22 Abr 2019
Switch

Análise Super Smash Bros. Ultimate

Que bela maneira de terminar o ano.

Super Smash Bros. Ultimate para quem, surpreendentemente, não conhece é o jogo que responde à questão:

Qual é a personagem mais forte da Nintendo?

O jogo reúne tudo o que é e já foi grande na Nintendo e une tudo num grande espetáculo de luta. É o quinto jogo da série que teve a sua estreia na Nintendo 64 em 1999 com o título Super Smash Bros.

Super Smash Bros. Ultimate pretende fazer jus ao nome e ser a derradeira experiência da série, trazendo-nos 74 personagens diferentes para jogar, 108 arenas para se lutar e mais de 1000 espíritos para desbloquear. Neste título contamos 11 personagens introduzidas à série, sendo elas:

  • Inklings (Splatoon)
  • Princesa Daisy (Mario)
  • Ridley (Metroid)
  • Dark Samus (Metroid)
  • Simon Belmont (Castlevania)
  • Richter Belmont (Castlevania)
  • Chrom (Fire Emblem: Awakening)
  • King K. Rool (Donkey Kong)
  • Isabelle (Animal Crossing)
  • Ken Masters (Street Fighter)
  • Incineroar (Pokémon)

Num leque de personagens tão grande, levanta-se a questão se o plantel é equilibrado ou que personagem devemos usar.

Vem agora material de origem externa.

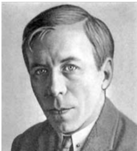
Асеев Николай Николаевич (1889 - 1963)

В 1859 году Никитин открыл книжный магазин с целью способствовать просвещению молодежи. Тяжелая жизнь, нужда, бесконечные хлопоты и огорчения, доставляемые отцом, впадшим с горя в запой, напряженные занятия поэзией в свободные от дел минуты — все это подорвало силы Никитина. Он умирает от чахотки.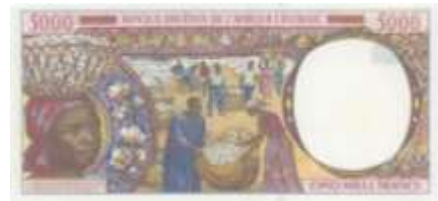
Fotoğraf 63. Kamerun Banknotunda pamuk toplayan mevsimlik işçiler ve başının üzerinde sepette pamuk taşıyan Kamerunlu Kadın (5000 CFA Frangı)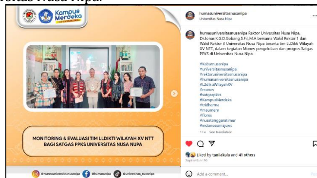
Gambar 4. Postingan Akun Instagram @humasuniversitasnusanipa 26 September 2024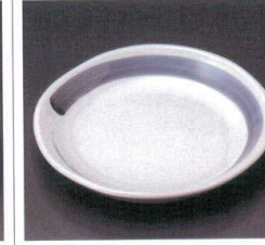
ツ161-34-2 白マット呉須刷毛 5.0皿 (φ15×2.1cm) ¥1,100 2021161053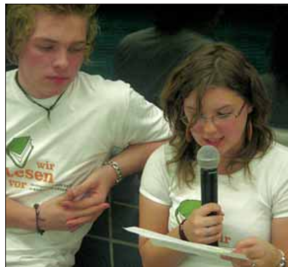
... oder in der Schwimmhalle in Linnich ...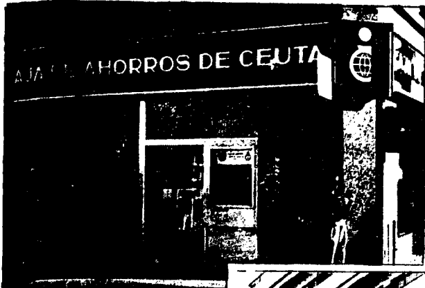
URBANA NUM. UNO Plaza de la Constitucion (CAJERO AUTOMATICO)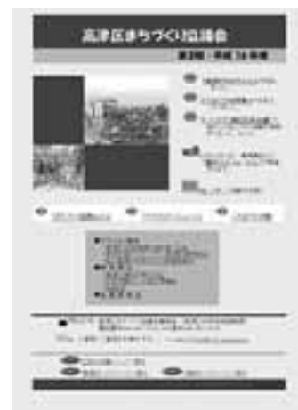
まちづくり協議会トップページ

各委員会・部会のページは内容を更に充実し、関連する活動や組織へのリンクも増やしました。また、新たに活動を開始した「区民活動ルーム」のに関するページを新設しました。協議会のトップページも新画面とし、季節ごとの色彩を基調にして行く予定です。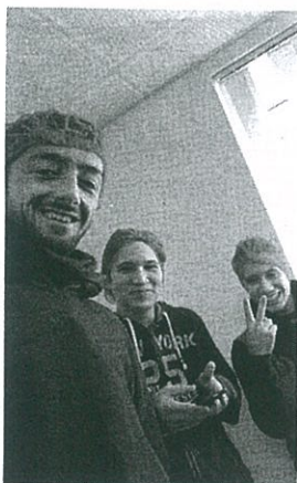
Alunos em estágio na Áustria Curso Profissional em Eletrónica, Automação e Comando da Escola Profissional de Aveiro

No último ano do Curso Profissional fui para a Áustria por dois meses, estagiar na Escola Htl-Wolfsberg e numa empresa privada, Standwerke-Wolfsberg, juntamente com outros colegas. Ficámos alojados numa residência em frente ao estádio da equipa de Wolfsberg. Penso que a experiência de quem faz Erasmus vai muito além daquilo que se pensa, festas, noites e pouco estudo! A realidade é outra e a maior contribuição que tem para o nosso desenvolvimento pessoal é, sem dúvida, permitir-nos crescer como indivíduos no seio de uma sociedade multicultural. Conhecer e conviver com outras culturas, outros hábitos e até outras comidas, é do melhor que pode haver!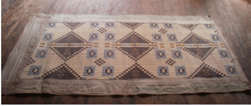
Şekil 1: Hasır Kalıp

Hasır (Kalıp) : Üzerine atılan yünün rulo şeklinde sarılmasında kullanılan plastik halıdır. Boyutu yapılacak keçeye göre değişmektedir ( Şekil 1).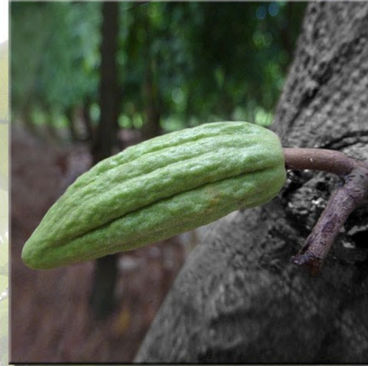
Cherelle, petite cabosse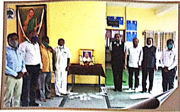
Late Hon. Jaykumar Patil Death Anniversary Celebration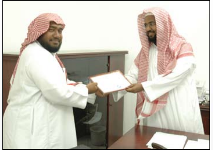
القطبي أثناء تسلمه شهادة تفوق من قطاع الوسط

* كلمة نختم بها هذا الحوار الشيق؟ أسأل الله الكريم أن يديم علينا وعلى منسوبي جمعيتنا المباركة وعلى المسلمين جميعاً في مشارق الأرض ومغاربها نعمة الصحة والعافية والأمن والأمان.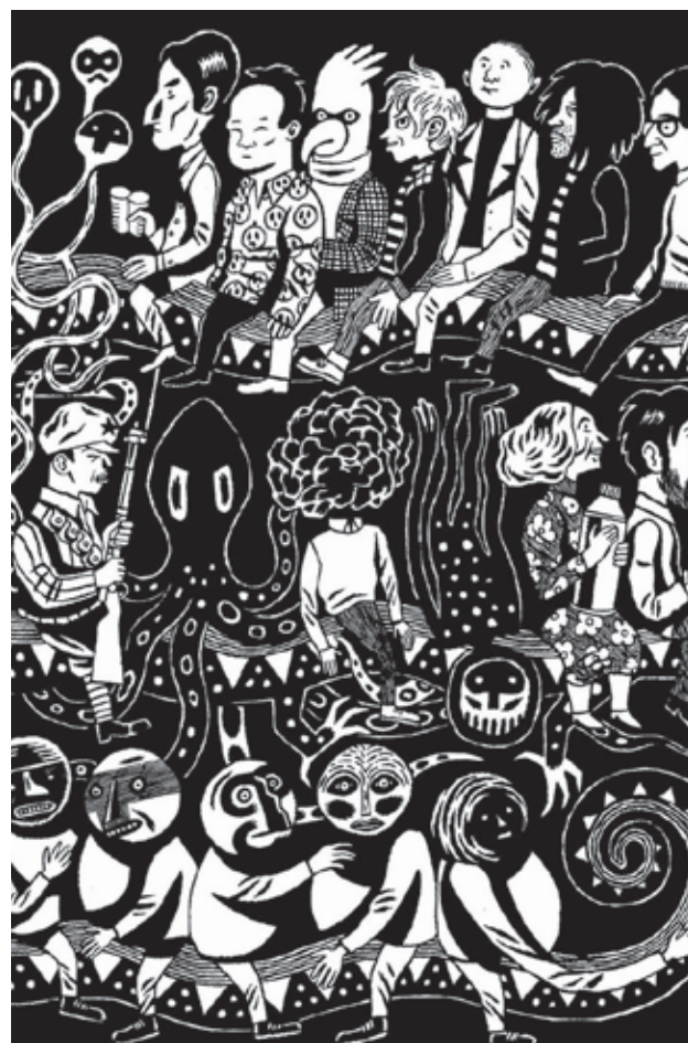
Portraits de mon frère et du roi du monde © David B.

Respondendo a ambas as questões, o plantel é relativamente equilibrado, sendo que podemos encontrar personagens que funcionam melhor com alguma distância, há outras que são mais heavy hitters, e umas que tendem a ser mais ágeis. O que podemos ver depois é uma rotação de certas especialidades entre as mesmas, o que faz com que qualquer jogador, que pegue na série pela primeira vez, possa encontrar uma personagem do seu top 5 que se adapte ao seu estilo de jogo.

Neste título podemos encontrar os Echo Fighters. Os Echo Fighters são personagens que são “reskins” de outras, como é o caso do Ryu e Ken de Street Fighter, que acabam por ter as mesmas habilidades mas aspetos e taunts diferentes. Outros Echo Fighters mais notórios serão o Pit e Dark Pit, Peach e Daisy, Samus e Dark Samus, entre outros.

Este leque de personagens precisa de um lugar para porem à prova as suas competências e é aí que podemos escolher entre as 108 arenas, referentes aos diversos mundos da Nintendo e de alguns estúdios third-party. O jogo ganha ainda mais dimensão com a nova funcionalidade que faz uma transição entre mapas a meio do combate, o que significa que podemos estar a lutar na Green Hill Zone e transitar fluidamente para o Castelo do Drácula. Isto dá uma nova dinâmica aos combates, quase como se estivéssemos a ver uma história a desenrolar com o avançar das lutas.

Os espíritos são uma funcionalidade nova do novo modo de jogo – World of Light. Este modo funciona como uma espécie de campanha onde as personagens deste universo foram capturados e os seus espíritos estão a ser forçados a controlarem clones das personagens principais.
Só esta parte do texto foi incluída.